不動産であれば売却して手放さない限り最終的に手元にしっかりと資産が残ります。
しかもそれが首都圏の収益不動産なのであれば猶更です。
参考までに首都圏の不動産の価値については『毎年10%以上も高騰!首都圏のマンション価格が庶民に手が出せないほど高騰している理由』の記事でご紹介をしていますのでこちらをご覧ください。
相続対策になる
50代ともなれば相続に関して少なからず意識をしてくるのではないでしょうか?
いくらの資産でどれくらいの相続税がかかるのか見てみましょう。
相続税率早見表
法定相続分に応ずる取得金額 | 税率 | 控除額 |
1,000万円以下 | 10% | なし |
3,000万円以下 | 15% | 50万円 |
5,000万円以下 | 20% | 200万円 |
1億円以下 | 30% | 700万円 |
2億円以下 | 40% | 1,700万円 |
3億円以下 | 45% | 2,700万円 |
6億円以下 | 50% | 4,200万円 |
6億円越 | 55% | 7,200万円 |
※出典元:国税庁
相続時、現金や株・有価証券、金(きん)などは満額課税対象となります。
1億円の資産を子供に相続する場合、税率が30%なので3,000万円、そこから控除の700万円が引かれて2,300万円の相続税を現金で一括納税するという事になります。

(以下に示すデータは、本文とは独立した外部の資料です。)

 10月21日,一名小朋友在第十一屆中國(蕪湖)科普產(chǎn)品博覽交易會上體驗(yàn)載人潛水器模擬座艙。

しかし不動産の場合、路線価で評価されますので資産の圧縮が可能となります。
1億円分の首都圏の不動産を子供に相続する場合、不動産1億円分÷5(路線価評価)=2,000万円(相続評価)×15%(税率)-50万円(控除額)=250万円(相続税金額)

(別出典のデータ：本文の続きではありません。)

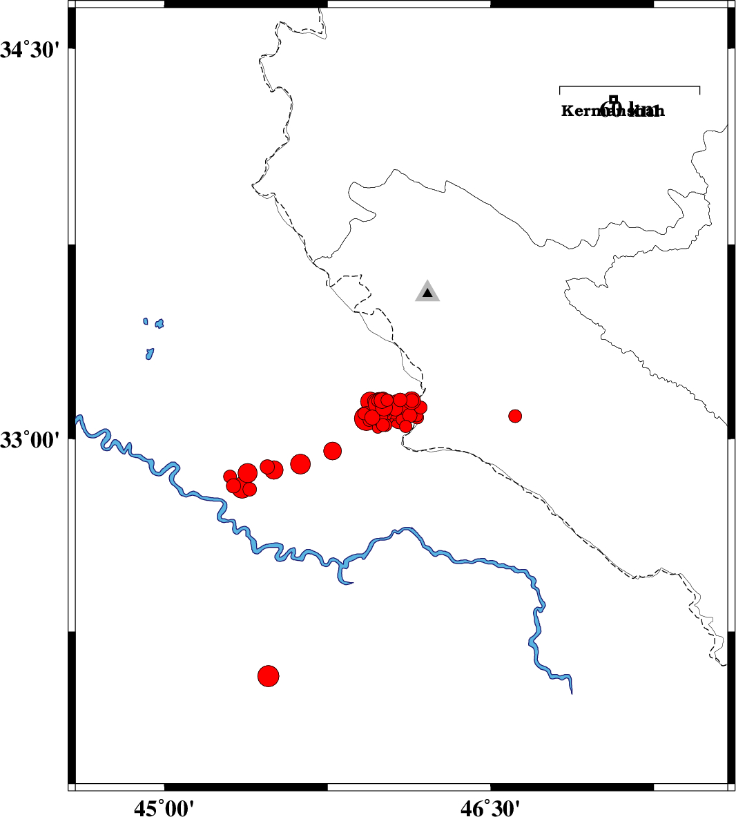 2018/09/03 | 08:25:22.1 | 12:55:22.1 | 34.387 | 45.701 | 15 | ML:3.8 | Kermanshah Province, 18 km South-East of Qasr-E-Shirin | ||

という形になります。※物件の場所や資産状況により異なります。
ここから人に貸していれば小規模宅地の特例などで更に相続税を安くできる可能性があります。
「1億円も貯金がないよ」と思った方もいるかと思いますが、ここでの注意点が相続評価額が現金だけではなく資産の額という事です。
つまり、資産の中身の配分が
- 現金:2,000万円
- 車:500万円
- 時計:1,000万円
- 金(きん):2,000万円
- 株・証券:3,000万円
- 生命保険:1,500万円
このような形だったとして、これで1億円の資産になります。
部分的にでも不動産で相続をしてあげた方が子供にかかる税負担が少なくて済む可能性があるという事なのです。
年収別【50代で不動産投資をおすすめできる層とできない層】
年収 | おすすめ度 |
3,000万円以上 | 絶対にやった方がいい |
1,800万円〜2,999万円 | 超おすすめ |
1,000万円〜1,799万円 | おすすめ |
800万円〜999万円 | ややおすすめ |
500万円〜799万円 | おすすめしずらい |
499万円以下 | やめとけ |
50代ともなるとそれなりに所得がないと不動産投資を始める上で難しいと言えます。
50代で年収500万円以下の方は不動産投資はあきらめた方がいいでしょう、現在の生活を優先するべきです。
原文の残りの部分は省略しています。